Community Support Resources
Community resources are necessary to support the patient during and after recovery. One of the needs of the patient is a job opportunity or a source of income. The patient lives with an ailing mother and unemployed brother. Connecting the patient to job agencies and organizations that support former prostitutes will be effective (Farb et al., 2018). Helping the patient to find a job will help them to generate income to support the family. Another benefit is keeping off the company of friends who drag her to prostitution. It is important to connect the patient to organizations supporting former prostitutes. Attending their meetings will enhance the recovery process and their ability to build up her life again. Housing support is necessary to ensure the patient has house rent, food, and other necessities (Farb et al., 2018). A comprehensive approach to patient care improves chances of positive results and recovery.
Plan for Follow-Up
Follow-up is necessary to ensure the client is not going back to the old habit. One of the follow-ups is visiting the healthcare facility after one week of taking the medication. After the first clinic, the client should visit the facility every two weeks for further assessment (Ebert et al., 2019). Another follow-up is to ensure the patient has the necessary support from the former prostitute organizations. Finding a reputable job is necessary to ensure she has income to support the family. The follow-up will allow the healthcare worker to review the progress and determine if some treatment plan changes are necessary.

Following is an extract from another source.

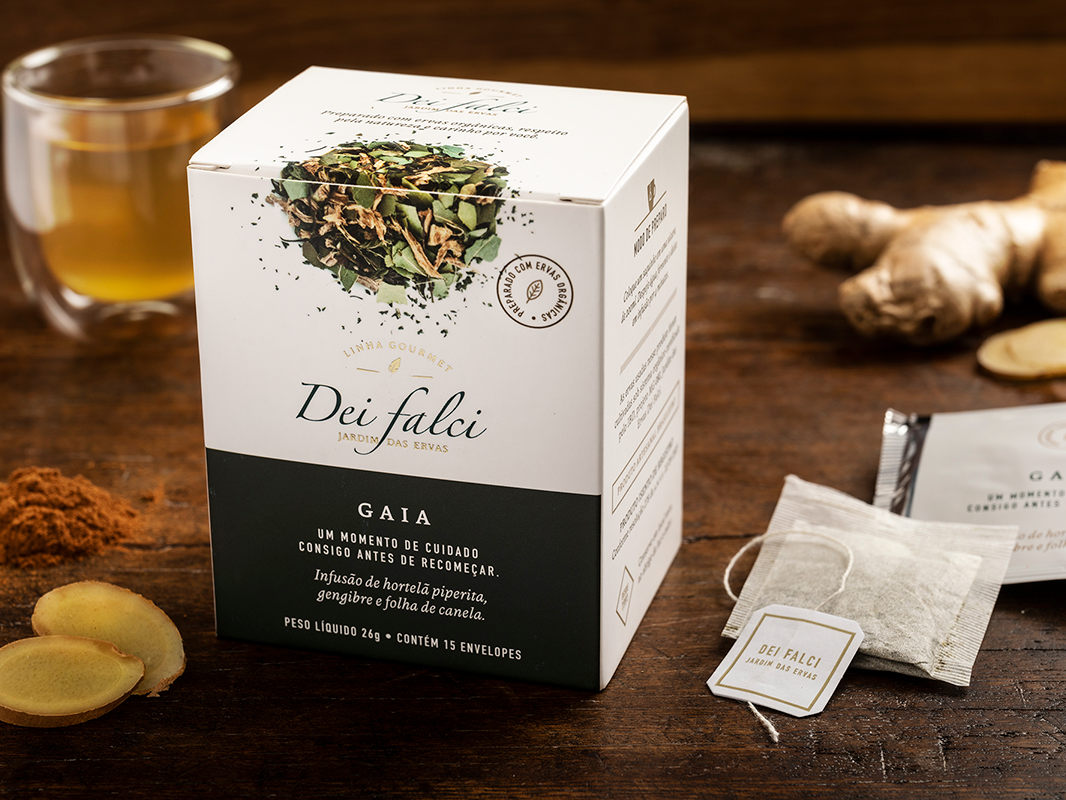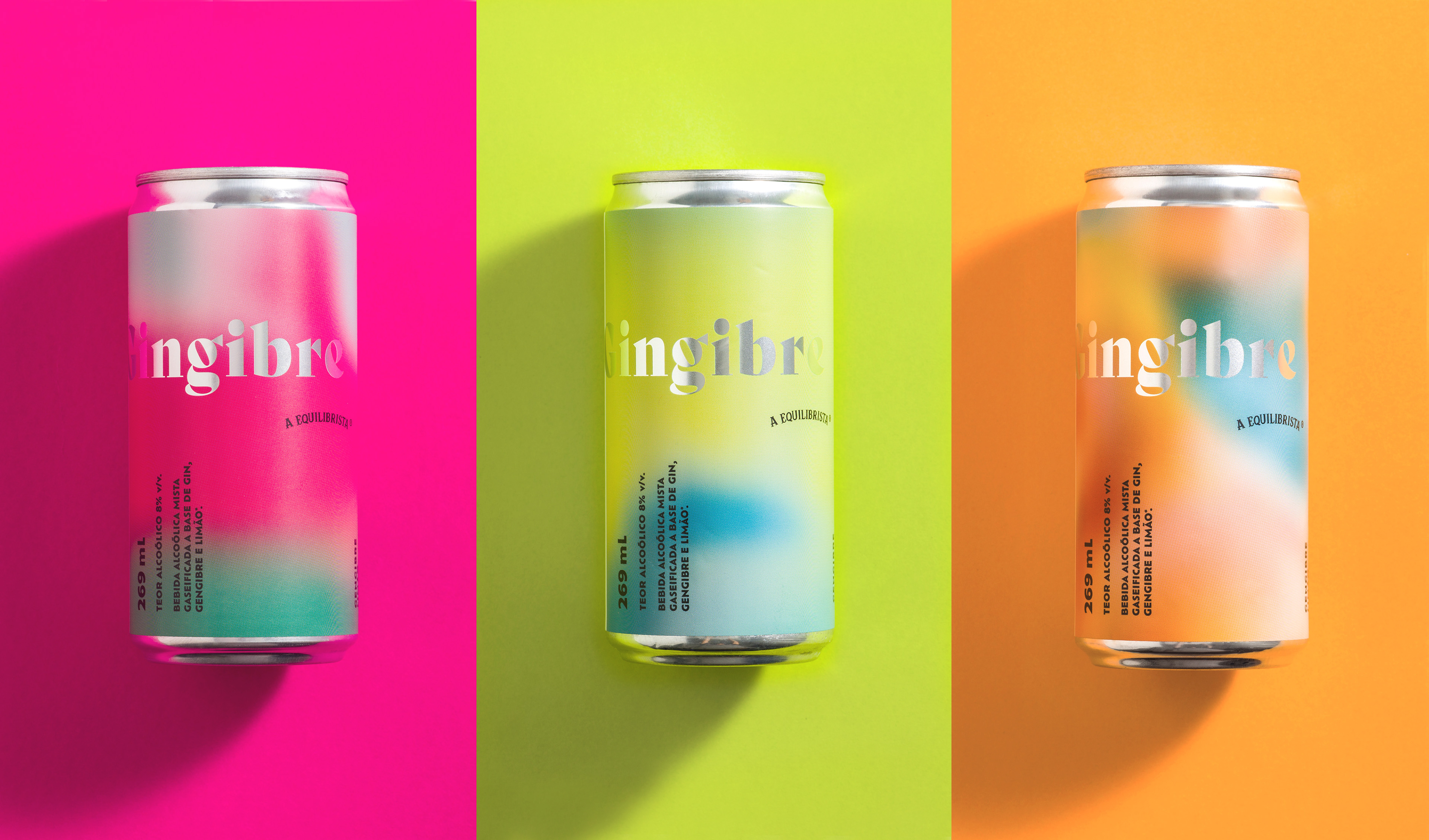 A embalagem de Gingibre possui três diferentes combinações cromáticas, sempre destemidas e ousadas.

Collaboration with other healthcare workers such as psychiatrists, counselors, nurses, and gynecologist is crucial. For example, the gynecologist report will indicate if the patient is at risk of sexually transmitted diseases. If the patient has a sexually transmitted infection, she should get immediate treatment (Ebert et al., 2019). Counselors should have the report from the healthcare workers to address all the problems. Ongoing support is necessary to ensure a quick recovery.

References
Cipriani, A., Furukawa, T. A., Salanti, G., Chaimani, A., Atkinson, L. Z., Ogawa, Y., … & Geddes, J. R. (2018). Comparative efficacy and acceptability of 21 antidepressant drugs for the acute treatment of adults with major depressive disorder: a systematic review and network meta-analysis. Focus, 16(4), 420-429.
Ebert, D. D., Buntrock, C., Mortier, P., Auerbach, R., Weisel, K. K., Kessler, R. C., … & Bruffaerts, R. (2019). Prediction of major depressive disorder onset in college students. Depression and anxiety, 36(4), 294-304.
Farb, N., Anderson, A., Ravindran, A., Hawley, L., Irving, J., Mancuso, E., … & Segal, Z. V. (2018). Prevention of relapse/recurrence in major depressive disorder with either mindfulness-based cognitive therapy or cognitive therapy. Journal of consulting and clinical psychology, 86(2), 200.
Hasin, D. S., Sarvet, A. L., Meyers, J. L., Saha, T. D., Ruan, W. J., Stohl, M., & Grant, B. F. (2018). Epidemiology of adult DSM-5 major depressive disorder and its specifiers in the United States. JAMA psychiatry, 75(4), 336-346.
Kohler‐Forsberg, O., N. Lydholm, C., Hjorthøj, C., Nordentoft, M., Mors, O., & Benros, M. E. (2019). Efficacy of anti‐inflammatory treatment on major depressive disorder or depressive symptoms: meta‐analysis of clinical trials. Acta Psychiatrica Scandinavica, 139(5), 404-419.